_PROBLEM STATEMENT_
Don't include pictures. Quote the lines below from the first through the line that contains "Протестиращите запяха химна.".

_RECORDS_
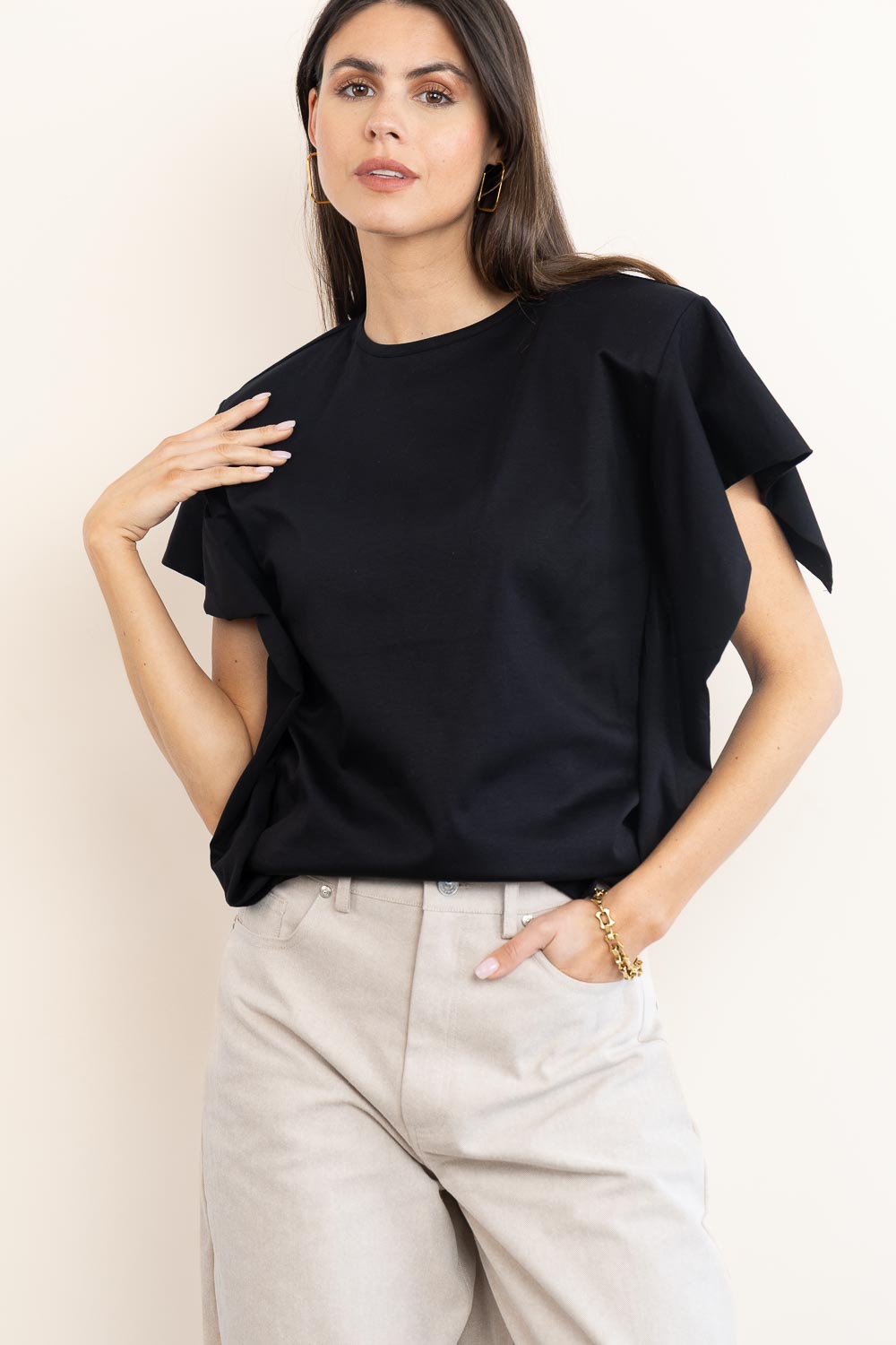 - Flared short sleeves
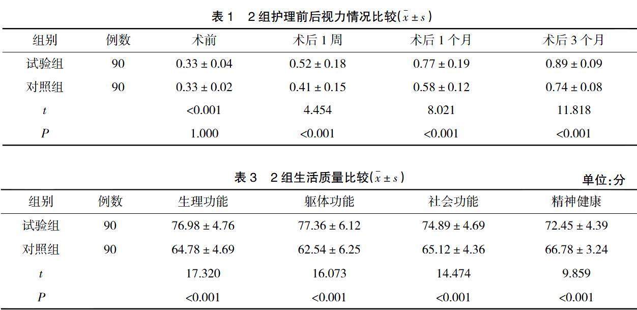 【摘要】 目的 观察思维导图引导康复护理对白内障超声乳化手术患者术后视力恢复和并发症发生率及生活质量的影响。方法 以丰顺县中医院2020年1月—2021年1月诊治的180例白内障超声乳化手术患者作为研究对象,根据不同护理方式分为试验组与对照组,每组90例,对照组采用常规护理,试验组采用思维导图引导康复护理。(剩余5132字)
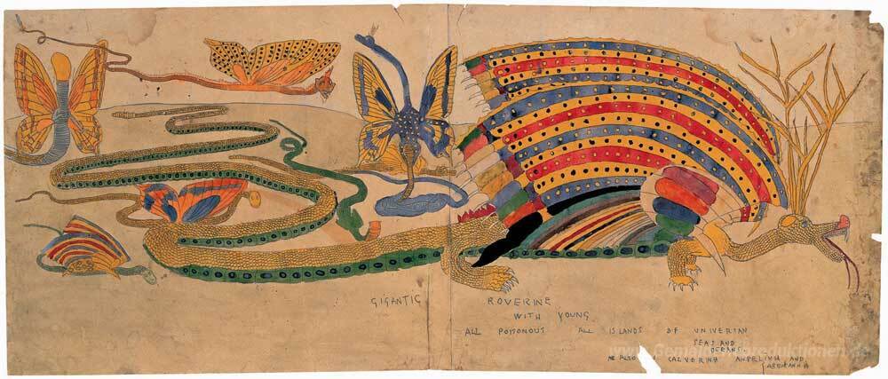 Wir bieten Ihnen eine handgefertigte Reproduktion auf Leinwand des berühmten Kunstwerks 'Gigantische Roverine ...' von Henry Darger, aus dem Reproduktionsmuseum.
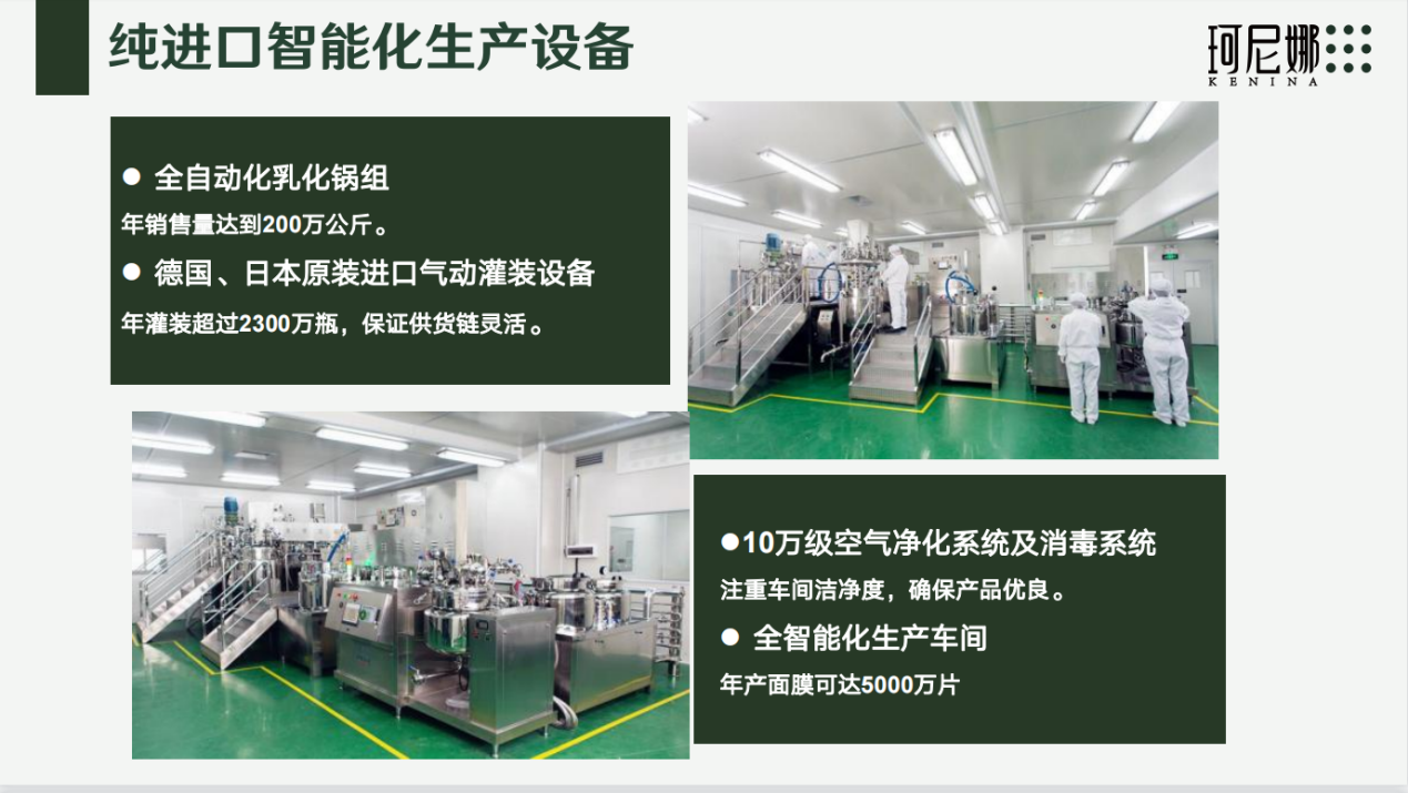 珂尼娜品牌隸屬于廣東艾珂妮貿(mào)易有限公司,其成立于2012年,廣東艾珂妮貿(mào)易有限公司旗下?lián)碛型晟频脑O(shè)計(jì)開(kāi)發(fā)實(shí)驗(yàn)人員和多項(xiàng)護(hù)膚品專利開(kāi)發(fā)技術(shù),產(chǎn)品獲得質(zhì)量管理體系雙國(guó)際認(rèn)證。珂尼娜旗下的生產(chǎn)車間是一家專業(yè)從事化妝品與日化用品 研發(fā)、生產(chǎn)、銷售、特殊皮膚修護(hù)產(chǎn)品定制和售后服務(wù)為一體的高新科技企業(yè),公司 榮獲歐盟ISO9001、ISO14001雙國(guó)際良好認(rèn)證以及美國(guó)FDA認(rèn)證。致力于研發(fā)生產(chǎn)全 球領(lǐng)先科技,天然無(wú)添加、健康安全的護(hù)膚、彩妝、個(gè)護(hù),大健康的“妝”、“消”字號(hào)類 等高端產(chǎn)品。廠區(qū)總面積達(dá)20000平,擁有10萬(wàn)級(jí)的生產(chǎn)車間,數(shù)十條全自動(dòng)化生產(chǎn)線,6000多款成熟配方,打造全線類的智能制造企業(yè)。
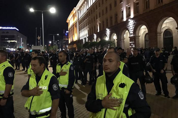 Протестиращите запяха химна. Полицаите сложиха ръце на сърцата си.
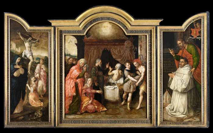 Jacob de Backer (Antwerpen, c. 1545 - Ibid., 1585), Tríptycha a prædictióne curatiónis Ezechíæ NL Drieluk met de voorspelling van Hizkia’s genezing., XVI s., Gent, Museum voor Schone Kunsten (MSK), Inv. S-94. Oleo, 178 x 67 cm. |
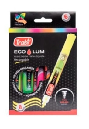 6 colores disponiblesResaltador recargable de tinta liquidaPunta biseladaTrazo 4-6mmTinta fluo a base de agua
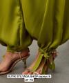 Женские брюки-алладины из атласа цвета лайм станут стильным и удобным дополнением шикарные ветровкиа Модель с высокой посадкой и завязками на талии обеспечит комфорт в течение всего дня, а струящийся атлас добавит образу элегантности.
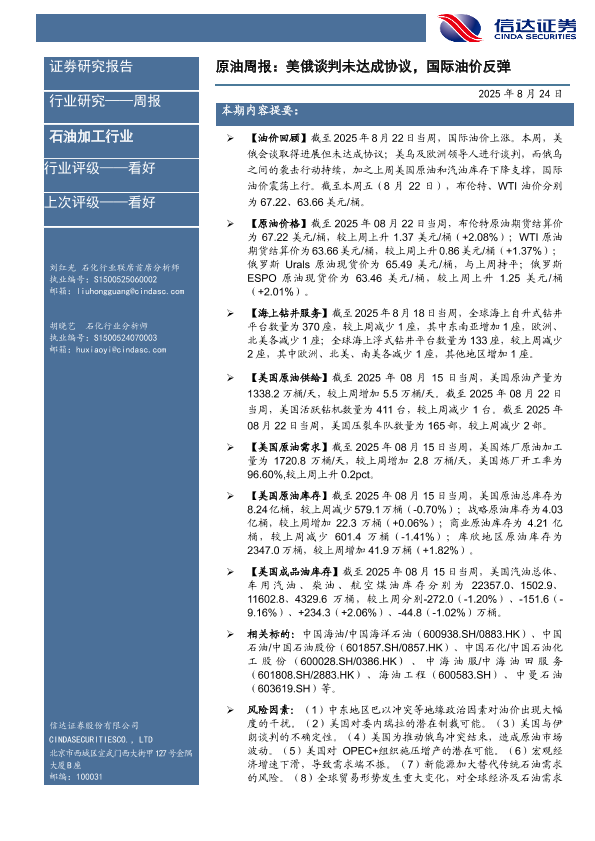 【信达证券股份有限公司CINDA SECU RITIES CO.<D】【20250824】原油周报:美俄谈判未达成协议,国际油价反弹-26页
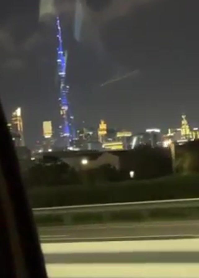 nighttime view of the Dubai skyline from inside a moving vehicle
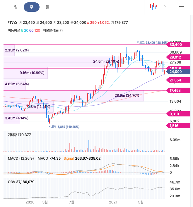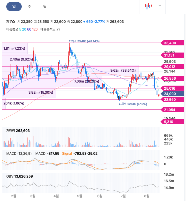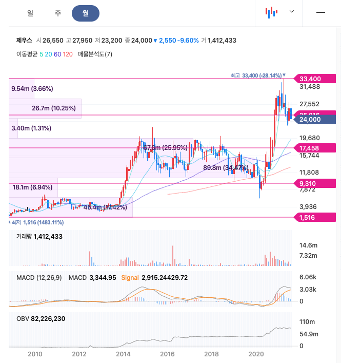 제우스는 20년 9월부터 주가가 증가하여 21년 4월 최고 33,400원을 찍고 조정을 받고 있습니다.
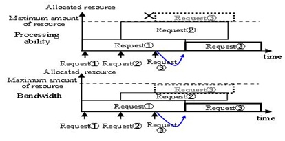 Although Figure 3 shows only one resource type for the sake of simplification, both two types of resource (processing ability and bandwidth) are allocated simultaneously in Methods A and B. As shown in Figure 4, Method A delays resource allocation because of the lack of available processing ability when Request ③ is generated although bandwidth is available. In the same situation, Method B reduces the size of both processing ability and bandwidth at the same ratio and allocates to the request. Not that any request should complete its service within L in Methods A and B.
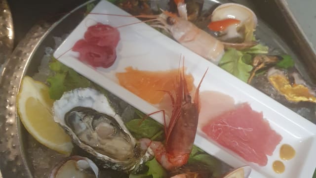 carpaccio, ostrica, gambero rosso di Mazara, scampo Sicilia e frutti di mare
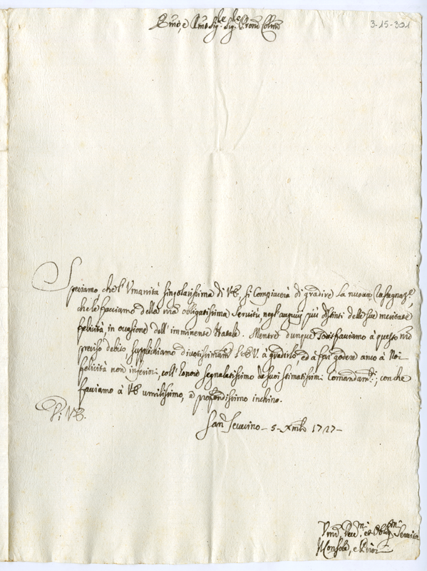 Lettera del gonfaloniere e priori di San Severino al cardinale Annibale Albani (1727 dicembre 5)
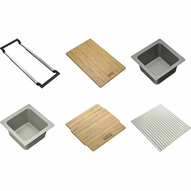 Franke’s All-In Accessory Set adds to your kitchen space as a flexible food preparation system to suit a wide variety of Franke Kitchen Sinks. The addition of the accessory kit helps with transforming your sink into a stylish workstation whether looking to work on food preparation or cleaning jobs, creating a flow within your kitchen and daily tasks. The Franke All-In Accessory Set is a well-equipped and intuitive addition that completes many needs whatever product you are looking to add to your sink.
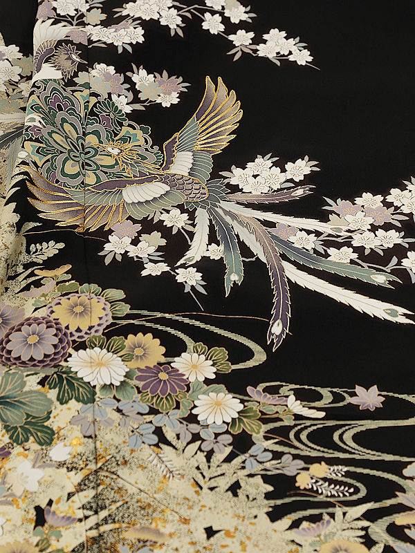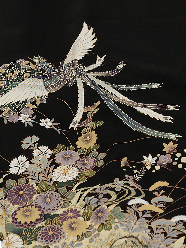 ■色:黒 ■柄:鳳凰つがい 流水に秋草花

_WRITTEN ANSWER_
 - Flared short sleeves
 【摘要】 目的 观察思维导图引导康复护理对白内障超声乳化手术患者术后视力恢复和并发症发生率及生活质量的影响。方法 以丰顺县中医院2020年1月—2021年1月诊治的180例白内障超声乳化手术患者作为研究对象,根据不同护理方式分为试验组与对照组,每组90例,对照组采用常规护理,试验组采用思维导图引导康复护理。(剩余5132字)
 Wir bieten Ihnen eine handgefertigte Reproduktion auf Leinwand des berühmten Kunstwerks 'Gigantische Roverine ...' von Henry Darger, aus dem Reproduktionsmuseum.
 珂尼娜品牌隸屬于廣東艾珂妮貿(mào)易有限公司,其成立于2012年,廣東艾珂妮貿(mào)易有限公司旗下?lián)碛型晟频脑O(shè)計(jì)開(kāi)發(fā)實(shí)驗(yàn)人員和多項(xiàng)護(hù)膚品專利開(kāi)發(fā)技術(shù),產(chǎn)品獲得質(zhì)量管理體系雙國(guó)際認(rèn)證。珂尼娜旗下的生產(chǎn)車間是一家專業(yè)從事化妝品與日化用品 研發(fā)、生產(chǎn)、銷售、特殊皮膚修護(hù)產(chǎn)品定制和售后服務(wù)為一體的高新科技企業(yè),公司 榮獲歐盟ISO9001、ISO14001雙國(guó)際良好認(rèn)證以及美國(guó)FDA認(rèn)證。致力于研發(fā)生產(chǎn)全 球領(lǐng)先科技,天然無(wú)添加、健康安全的護(hù)膚、彩妝、個(gè)護(hù),大健康的“妝”、“消”字號(hào)類 等高端產(chǎn)品。廠區(qū)總面積達(dá)20000平,擁有10萬(wàn)級(jí)的生產(chǎn)車間,數(shù)十條全自動(dòng)化生產(chǎn)線,6000多款成熟配方,打造全線類的智能制造企業(yè)。
 Протестиращите запяха химна. Полицаите сложиха ръце на сърцата си.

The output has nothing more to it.